* **Items listed in a dataset**:
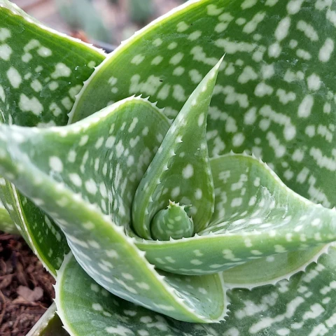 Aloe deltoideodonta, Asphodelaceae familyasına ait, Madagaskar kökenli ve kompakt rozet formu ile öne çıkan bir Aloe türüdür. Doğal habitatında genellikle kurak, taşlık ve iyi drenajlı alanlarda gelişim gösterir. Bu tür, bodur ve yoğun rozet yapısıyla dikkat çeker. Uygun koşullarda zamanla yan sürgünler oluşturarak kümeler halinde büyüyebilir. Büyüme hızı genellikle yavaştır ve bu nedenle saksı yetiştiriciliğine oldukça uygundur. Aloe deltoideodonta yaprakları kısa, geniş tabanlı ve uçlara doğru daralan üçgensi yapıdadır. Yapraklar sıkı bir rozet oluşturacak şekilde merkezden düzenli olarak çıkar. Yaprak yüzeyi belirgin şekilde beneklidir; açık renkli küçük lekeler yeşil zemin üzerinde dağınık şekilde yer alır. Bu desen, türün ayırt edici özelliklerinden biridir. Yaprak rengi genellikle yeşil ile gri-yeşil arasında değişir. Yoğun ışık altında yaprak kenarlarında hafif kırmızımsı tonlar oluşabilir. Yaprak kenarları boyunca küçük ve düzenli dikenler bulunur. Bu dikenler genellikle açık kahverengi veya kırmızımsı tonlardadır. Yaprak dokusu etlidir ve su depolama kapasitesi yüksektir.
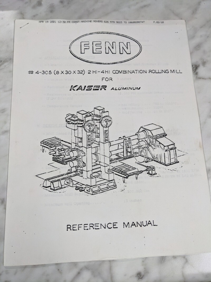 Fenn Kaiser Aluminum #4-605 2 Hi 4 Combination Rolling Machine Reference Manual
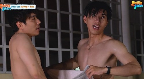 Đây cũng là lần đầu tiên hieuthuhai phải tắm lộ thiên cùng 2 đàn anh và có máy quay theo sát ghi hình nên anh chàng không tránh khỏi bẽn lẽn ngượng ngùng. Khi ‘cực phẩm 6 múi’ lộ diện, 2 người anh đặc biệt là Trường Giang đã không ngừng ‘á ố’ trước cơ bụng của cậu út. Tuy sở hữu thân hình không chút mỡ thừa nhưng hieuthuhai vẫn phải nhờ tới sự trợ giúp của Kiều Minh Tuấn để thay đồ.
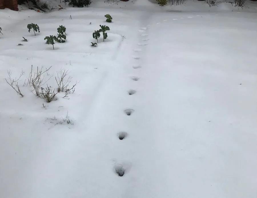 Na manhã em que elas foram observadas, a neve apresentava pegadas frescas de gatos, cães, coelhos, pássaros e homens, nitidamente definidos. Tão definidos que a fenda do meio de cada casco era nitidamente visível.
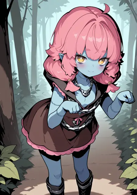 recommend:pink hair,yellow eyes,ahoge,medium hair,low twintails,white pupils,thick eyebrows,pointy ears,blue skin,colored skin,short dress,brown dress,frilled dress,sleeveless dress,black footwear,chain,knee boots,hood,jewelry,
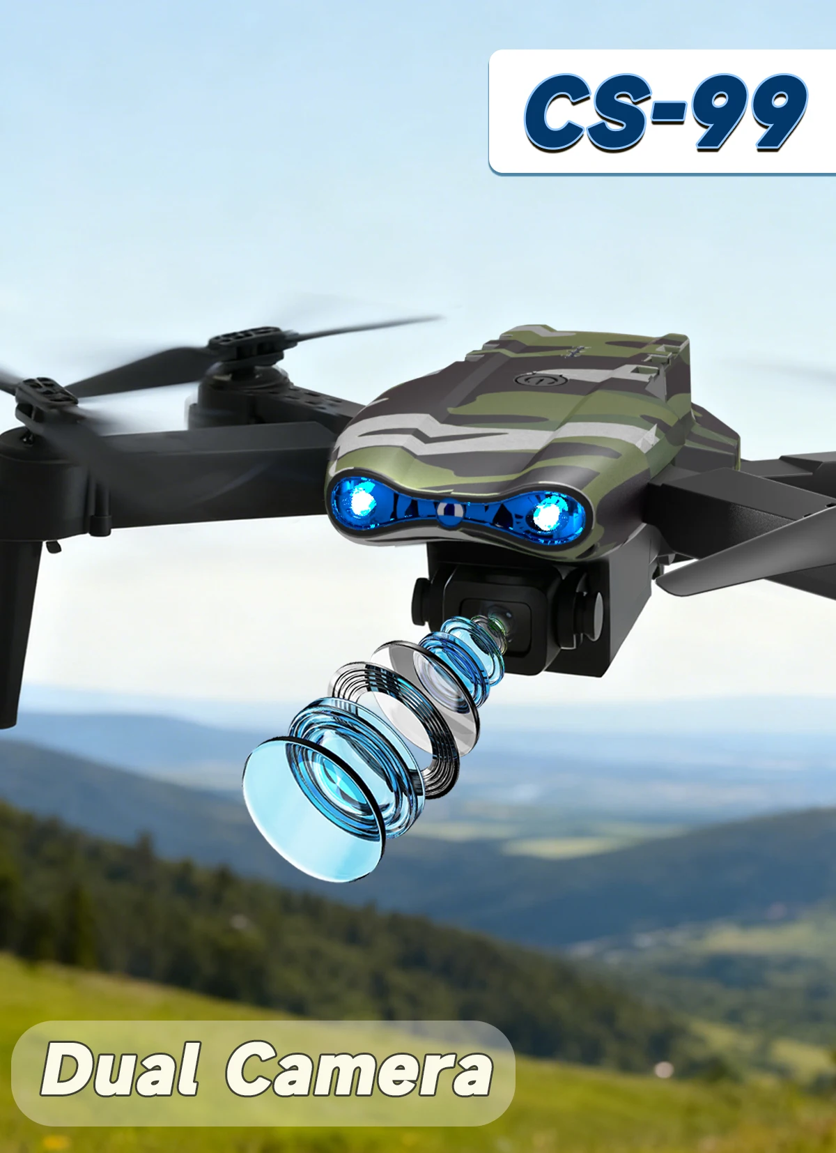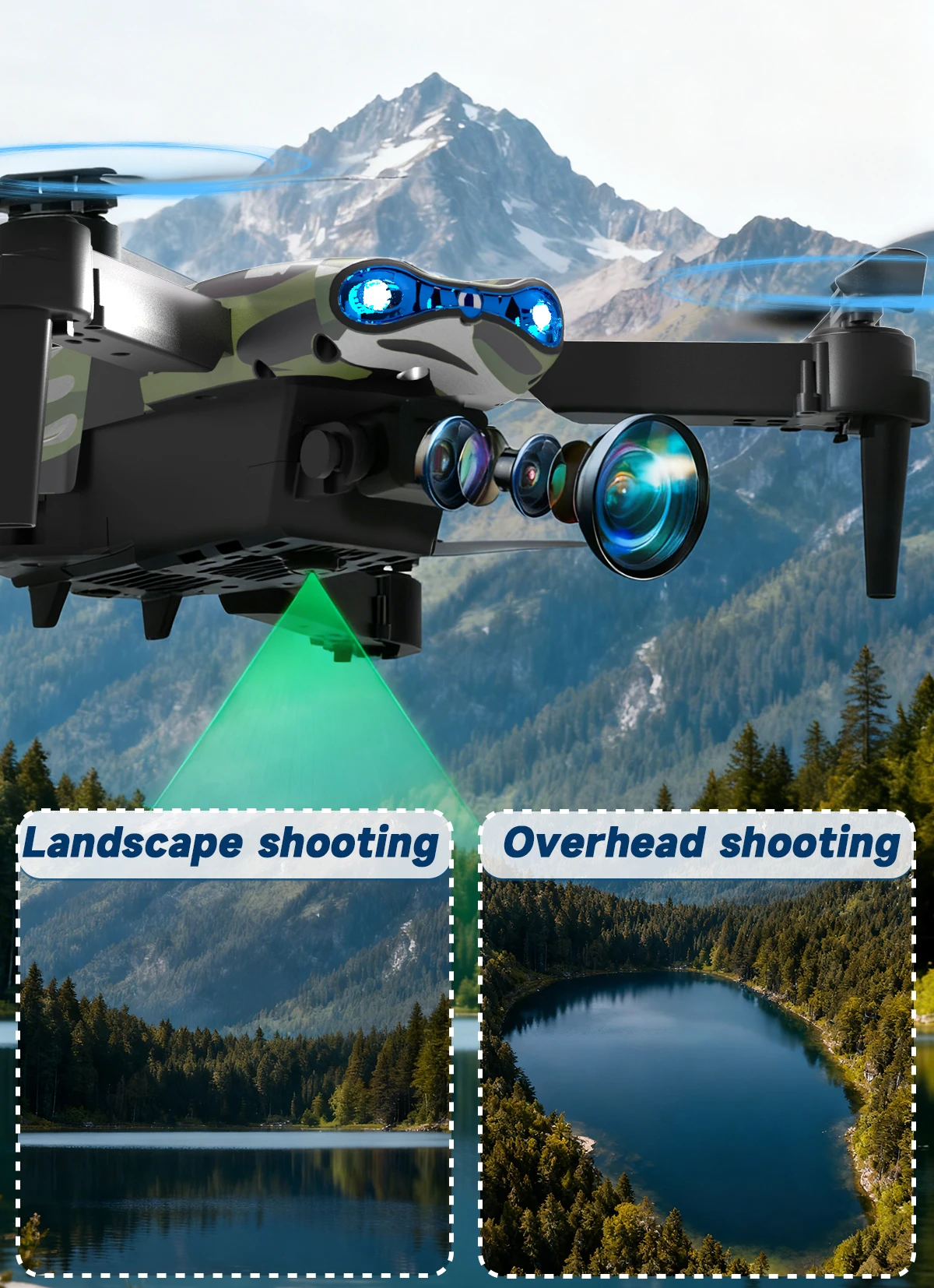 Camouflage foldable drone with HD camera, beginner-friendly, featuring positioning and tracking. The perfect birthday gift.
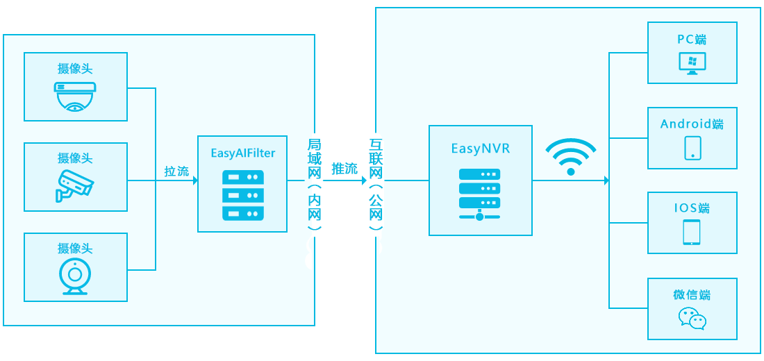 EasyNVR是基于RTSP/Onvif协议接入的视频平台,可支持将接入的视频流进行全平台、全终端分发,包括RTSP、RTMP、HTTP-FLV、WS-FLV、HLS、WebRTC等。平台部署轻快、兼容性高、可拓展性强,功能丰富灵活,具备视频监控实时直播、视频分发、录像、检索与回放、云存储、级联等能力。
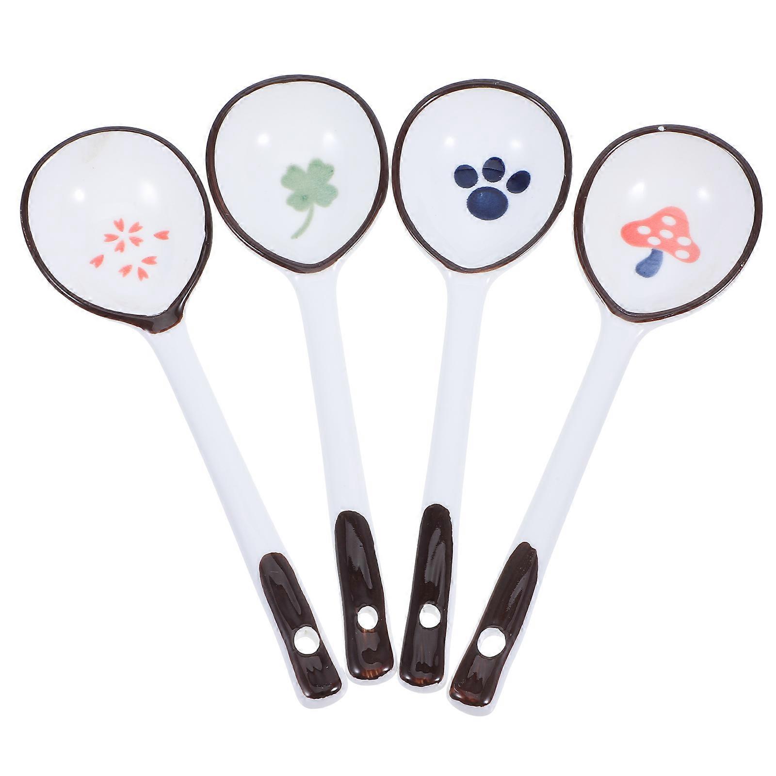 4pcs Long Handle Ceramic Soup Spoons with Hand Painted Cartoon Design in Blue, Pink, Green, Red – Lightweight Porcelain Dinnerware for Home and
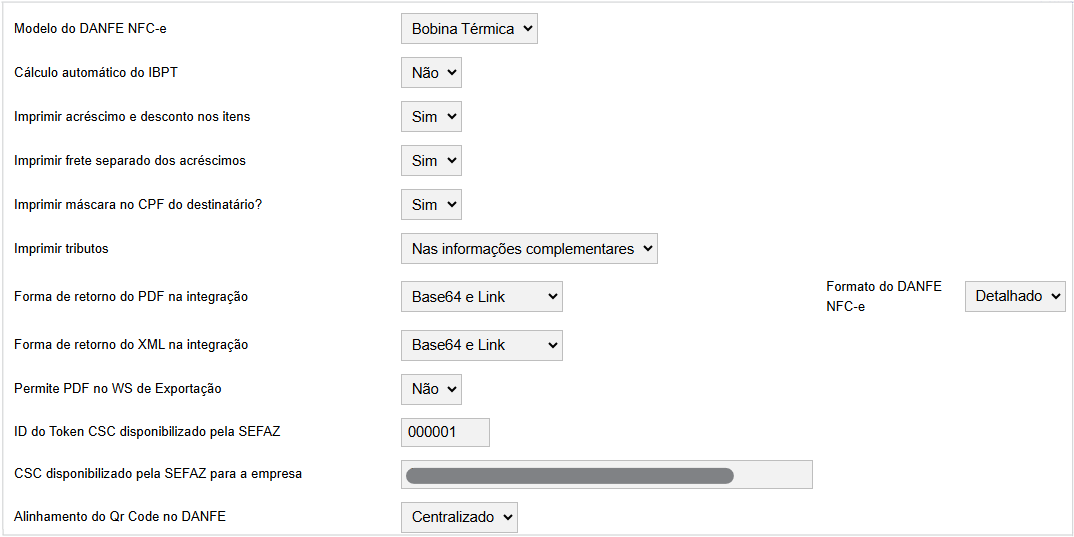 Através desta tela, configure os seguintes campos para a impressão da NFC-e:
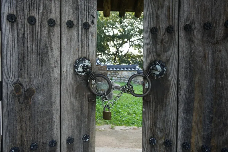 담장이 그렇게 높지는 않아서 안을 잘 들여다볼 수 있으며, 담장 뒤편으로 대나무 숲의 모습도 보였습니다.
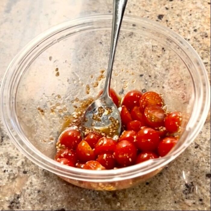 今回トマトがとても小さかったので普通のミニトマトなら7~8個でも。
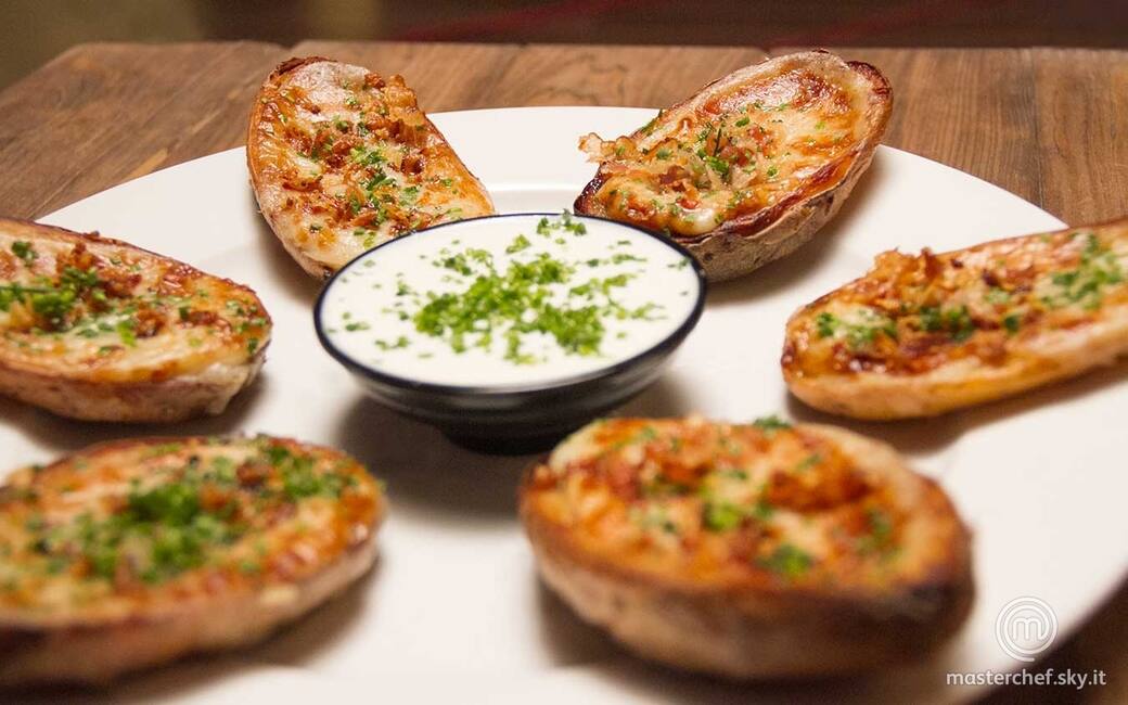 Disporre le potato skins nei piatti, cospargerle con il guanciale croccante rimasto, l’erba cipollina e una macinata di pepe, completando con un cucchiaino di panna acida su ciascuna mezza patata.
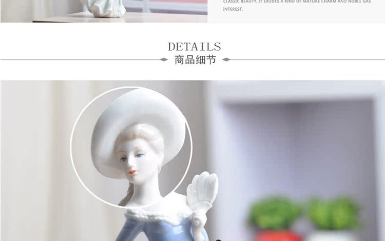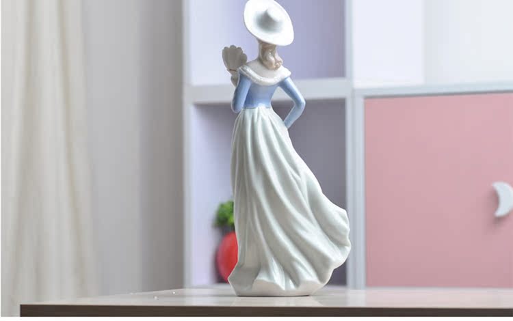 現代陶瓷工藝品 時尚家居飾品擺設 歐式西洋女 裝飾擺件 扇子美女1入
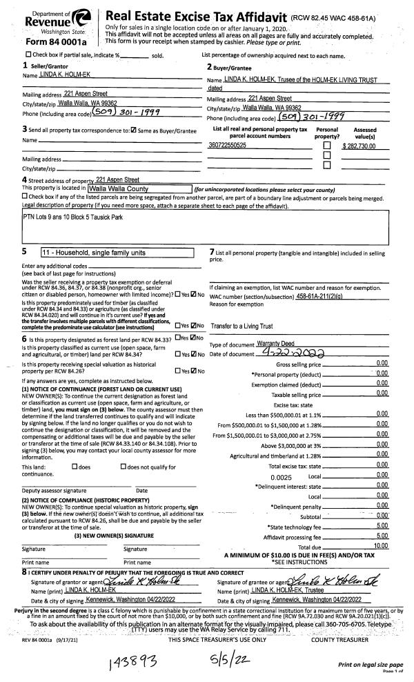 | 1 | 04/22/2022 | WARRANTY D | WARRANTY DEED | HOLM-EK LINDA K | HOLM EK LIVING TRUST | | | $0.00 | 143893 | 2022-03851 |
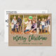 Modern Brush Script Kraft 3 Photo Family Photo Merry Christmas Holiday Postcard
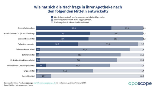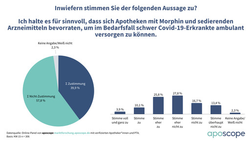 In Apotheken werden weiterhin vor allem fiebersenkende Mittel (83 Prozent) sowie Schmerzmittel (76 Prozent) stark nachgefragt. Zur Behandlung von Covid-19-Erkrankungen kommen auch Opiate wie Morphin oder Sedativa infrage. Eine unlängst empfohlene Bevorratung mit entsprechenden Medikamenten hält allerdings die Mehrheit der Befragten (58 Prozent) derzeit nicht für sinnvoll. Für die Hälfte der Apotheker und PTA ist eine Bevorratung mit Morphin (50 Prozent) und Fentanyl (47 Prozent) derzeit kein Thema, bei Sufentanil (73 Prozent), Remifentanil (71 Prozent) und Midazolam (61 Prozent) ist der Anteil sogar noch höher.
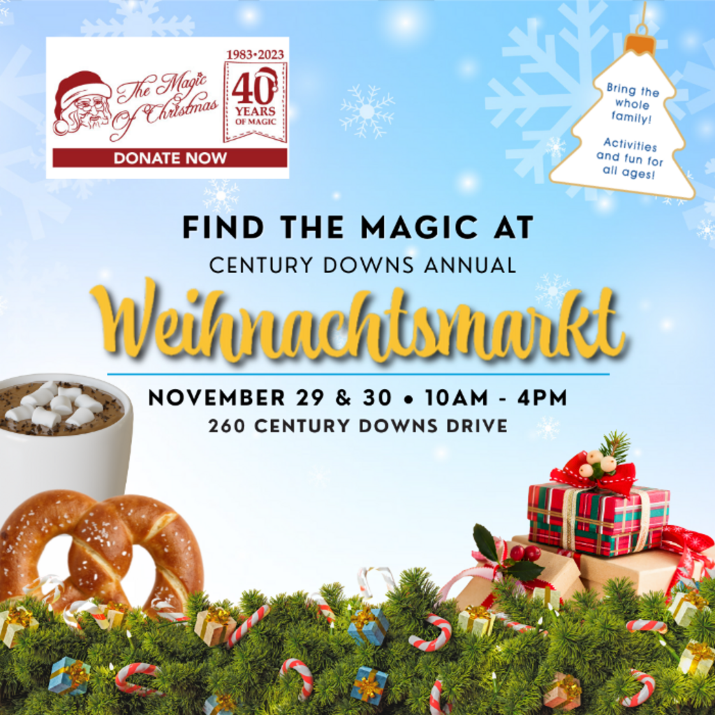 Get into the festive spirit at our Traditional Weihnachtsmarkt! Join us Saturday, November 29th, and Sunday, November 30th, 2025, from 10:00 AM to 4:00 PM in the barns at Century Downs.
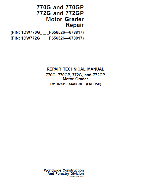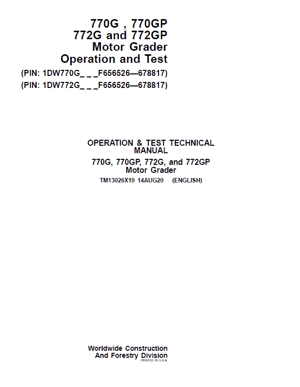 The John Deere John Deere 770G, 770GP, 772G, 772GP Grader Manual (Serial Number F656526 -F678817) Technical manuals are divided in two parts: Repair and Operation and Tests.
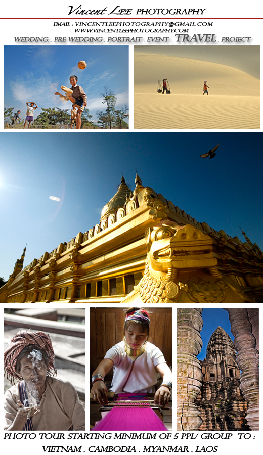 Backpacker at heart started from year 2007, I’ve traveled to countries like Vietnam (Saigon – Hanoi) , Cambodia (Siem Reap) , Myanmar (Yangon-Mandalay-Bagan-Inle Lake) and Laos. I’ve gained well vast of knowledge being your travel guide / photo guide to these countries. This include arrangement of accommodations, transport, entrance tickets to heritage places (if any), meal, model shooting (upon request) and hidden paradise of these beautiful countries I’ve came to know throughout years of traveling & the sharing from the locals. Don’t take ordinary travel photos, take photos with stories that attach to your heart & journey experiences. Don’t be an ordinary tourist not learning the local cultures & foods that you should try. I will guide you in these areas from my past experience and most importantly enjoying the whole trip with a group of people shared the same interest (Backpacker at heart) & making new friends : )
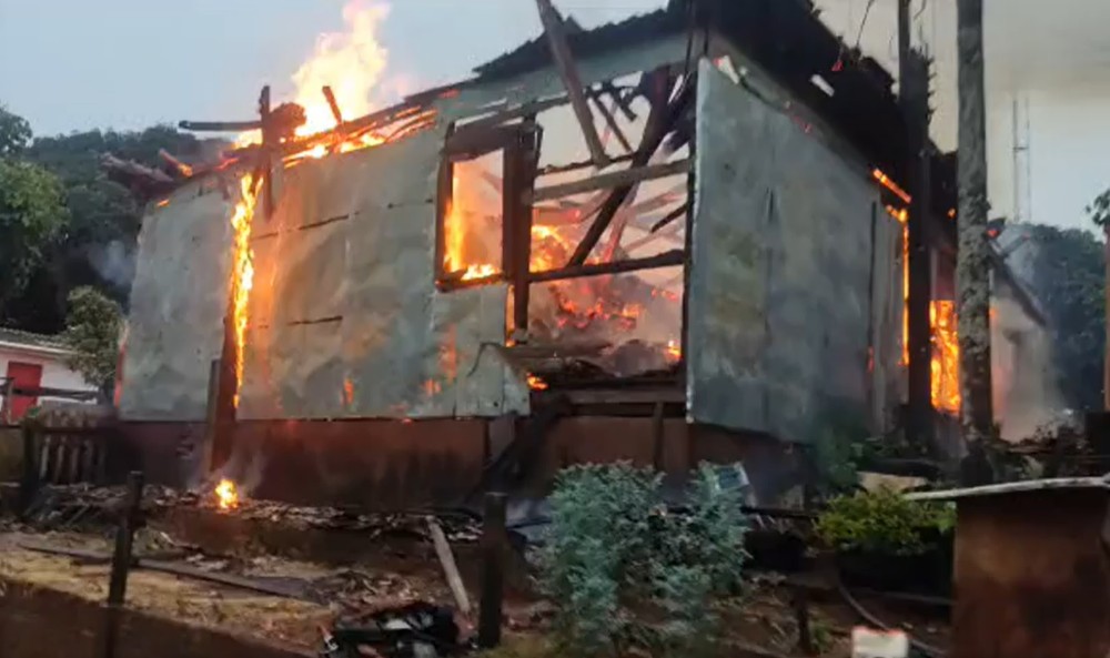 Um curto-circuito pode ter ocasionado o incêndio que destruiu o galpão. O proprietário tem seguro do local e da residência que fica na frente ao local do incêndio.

* **Exercise aim**: When copying from the data above, begin at the line containing "Get into the" and end at the line containing "The John Deere"; return those lines exactly and leave all pictures behind.

* **Exercise solution**:
 Get into the festive spirit at our Traditional Weihnachtsmarkt! Join us Saturday, November 29th, and Sunday, November 30th, 2025, from 10:00 AM to 4:00 PM in the barns at Century Downs.
 The John Deere John Deere 770G, 770GP, 772G, 772GP Grader Manual (Serial Number F656526 -F678817) Technical manuals are divided in two parts: Repair and Operation and Tests.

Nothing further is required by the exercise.